Students with special needs benefit from “Camp Wonder”

Lauren (left) and Diana (right)
Despite being twins, Lauren and Diana couldn’t have more polarizing interests.
Lauren rocks skateboard shirts and has a tech deck — otherwise known as a mini skateboard — between her fingers most of the time. She likes to take turns on her desk between learning activities.
“I make music,” Lauren says. “I have a harmonica at home. A trumpet. A piano.” Her sister, Diana, is more concerned with the latest fashion and social media hype. She works at Kroger and enjoys making shirts for famous YouTubers. At some point during a break, she pulls out her phone and launches YouTube. “Keeping Up With The Kardashians. I didn’t miss any episodes,” Diana says.
Lauren and Diana are attending Camp Wonder this year, a summer camp held at LaVergne High School. The camp is open to all special education students in Rutherford County.

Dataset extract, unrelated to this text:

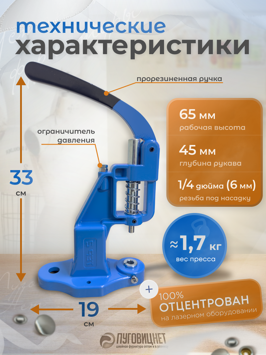Пресс Тер-2 для установки швейной фурнитуры для одежды кнопок, люверсов, пуговиц, хольнитенов, пробойников: сравнение цен, характеристики, фото, актуальное наличие и цены.

The camp is a partnership between Rutherford County Schools and the Discovery Center, a children’s museum, nature center and wetland walk near downtown Murfreesboro. It offers various activities for children and their parents, and teaching at Camp Wonder is just one avenue in which the Discovery Center shows its compassion for the local community.
As part of the camp, Discovery Center leaders help guide students through multiple activities. For one activity, for example, campers create a picture frame by first painting a rock, stringing colorful beads onto copper wire, and finally having their picture taken. Later, the yarn will be wrapped around the rock and students will take home the craft project as a keepsake. What is “wonderful” at Camp Wonder is all the students learn.
Activities this year included making ice cream, learning about pH levels in water, arts, crafts, digging up dinosaur bones, and more. Students can also meet first responders, police and paramedics.
RCS School Board member Claire Maxwell is at the heart of Camp Wonder “I was EA at Riverdale High School,” says Maxwell. “I realized that for some of our kids, their parents didn’t know what was going on and a lot of students didn’t go to camp.”
After meeting Tara MacDougall, President and CEO of the Discovery Center, Maxwell and MacDougall chatted for a few months and came up with a plan for the first-ever Camp Wonder, starting with the students of Riverdale four years ago.
When Maxwell became a school board member and quit her job at Riverdale, she pledged to keep the camp going. She put him up in Riverdale last summer, then planned to move him to other schools in the county.
In addition to camp at LaVergne High this week, she has another week planned at Oakland High in July. The cost for families is only $25. “I print about 5-10 applications each year and physically visit all the schools,” Maxwell says. “I would like to grow it. I would like to have more than two (sessions).
Lauren, Diana and the 10 other students at the LaVergne High session are all gaining something that has been hard to come by in recent years – socialization and fun. Camp Wonder is as much about learning and gaining new academic skills as it is about having a good time and meeting new friends from across the school system – people they might not see in a school year. normal.
During the interview for this story, Maxwell helps Lauren and Diana make kazoos out of two Popsicle sticks, straws, and rubber bands. Lauren finishes hers first and presses it against her lips to try it out. “What do you love most about coming to camp?” Maxwell asks. “Fun. It’s fun,” Lauren says. She blows her kazoo.